It's an odd feeling to be cheering Sarah Steelman for doing the right thing. (Though I still have a wary eye out for an ulterior motive in her announcement that she has changed her mind about the ethanol mandate in Missouri.) She now opposes it.
Missouri requires that 10 percent of all gasoline be ethanol, and Steelman chose "a busy Springfield street side for her announcement that 'within 100 days of being elected Governor, I will do everything in my power to repeal the ethanol mandate in Missouri.'"
She opposes the mandate because "it has produced higher food prices and higher costs for farmers since going into effect January 1."
The Missouri Corngrowers Association, predictably, disagrees, but let me just say, before I present their side of it, that Mark Twain's observation is particularly apt here: "Tell me where a man gets his corn pone, and I'll tell you what his 'pinions is." Anyway, here's the corn growers' spin:
"Removing the ethanol requirement in Missouri would only increase prices at the pump for already hurting consumers."

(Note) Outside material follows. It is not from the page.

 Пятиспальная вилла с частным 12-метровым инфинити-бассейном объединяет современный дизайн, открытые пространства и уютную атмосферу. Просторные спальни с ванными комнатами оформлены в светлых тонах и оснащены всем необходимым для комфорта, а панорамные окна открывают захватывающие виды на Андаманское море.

The corngrowers tell us that using ethanol will save Missourians $285 million this year and over $2 billion over the next ten years.
Among progressives, some of us are for ethanol use, others are agin it. Ken Midkiff of the Missouri Sierra Club, in an op-ed piece that he wrote for the Joplin Globe, lays out the case against it (and, by the way, the case against drilling in ANWR).

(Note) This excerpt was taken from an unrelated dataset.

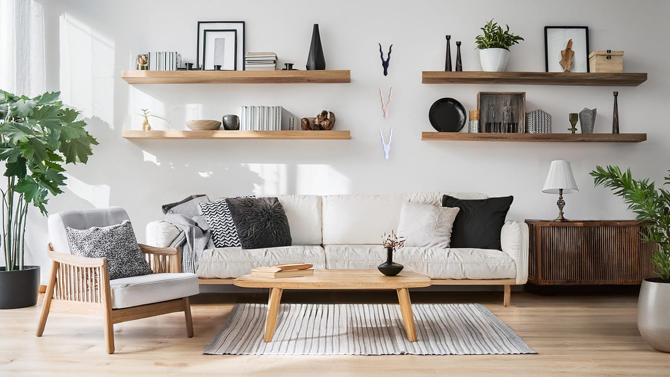 Eg. Consider adding wooden side tables, shelves, wall art or candle holders to bring in this earthy element.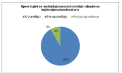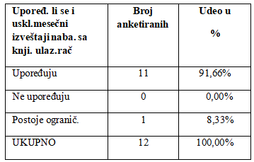 U anketi je bilo postavljeno i pitanje da li se u preduzećima upoređuju i usklađuju mesečni izveštaji nabavke sa knjiženjima ulaznih računa. Ovakav pristup upućuje na međusobnu saradnju delova i pojedinih funkcija preduzeća, što je od posebne važnosti kako bi se smanjili rizici poslovanja i kako bi se njima što efikasnije upravljalo.

He's convincing. Read on past the Midkiff excerpt to see what McCaskill and Obama have to say on the ethanol question.
Pogo famously said "We have met the enemy and he is us."
That is where we find ourselves when it comes to the high price per gallon of gasoline (which seems to go up almost daily).
While it is only human to want to blame someone, such as "liberals and environmentalists," the fact is that we are all to blame. We have used oil and oil products, such as gasoline, as if there was no tomorrow.